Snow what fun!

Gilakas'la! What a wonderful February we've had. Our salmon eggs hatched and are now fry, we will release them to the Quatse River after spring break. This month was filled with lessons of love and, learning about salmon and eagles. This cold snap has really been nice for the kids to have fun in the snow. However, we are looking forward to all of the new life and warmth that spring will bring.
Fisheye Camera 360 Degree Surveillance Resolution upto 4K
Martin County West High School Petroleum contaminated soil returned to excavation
* * *
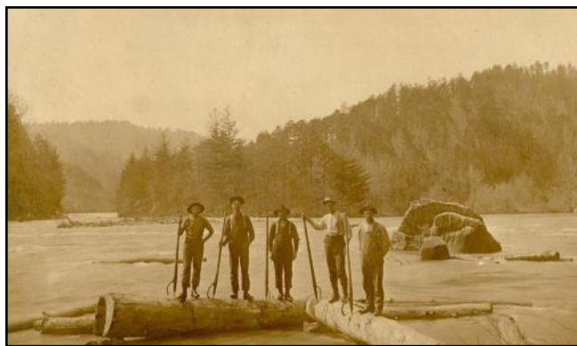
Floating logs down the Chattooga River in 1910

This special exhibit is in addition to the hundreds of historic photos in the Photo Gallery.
* * *
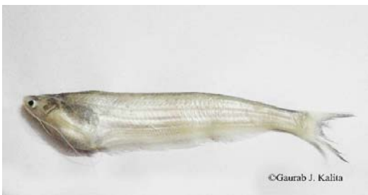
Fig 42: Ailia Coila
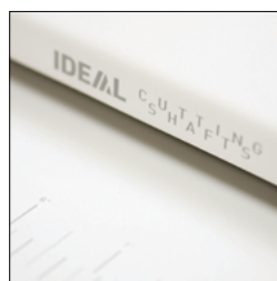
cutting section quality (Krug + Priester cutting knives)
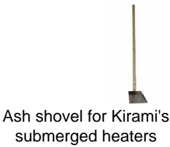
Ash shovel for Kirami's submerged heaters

> DIRECTIONS:
For every line of the material that holds the word "River", make a copy.

> OUTPUT FOR THIS EXERCISE:
Gilakas'la! What a wonderful February we've had. Our salmon eggs hatched and are now fry, we will release them to the Quatse River after spring break. This month was filled with lessons of love and, learning about salmon and eagles. This cold snap has really been nice for the kids to have fun in the snow. However, we are looking forward to all of the new life and warmth that spring will bring.
Floating logs down the Chattooga River in 1910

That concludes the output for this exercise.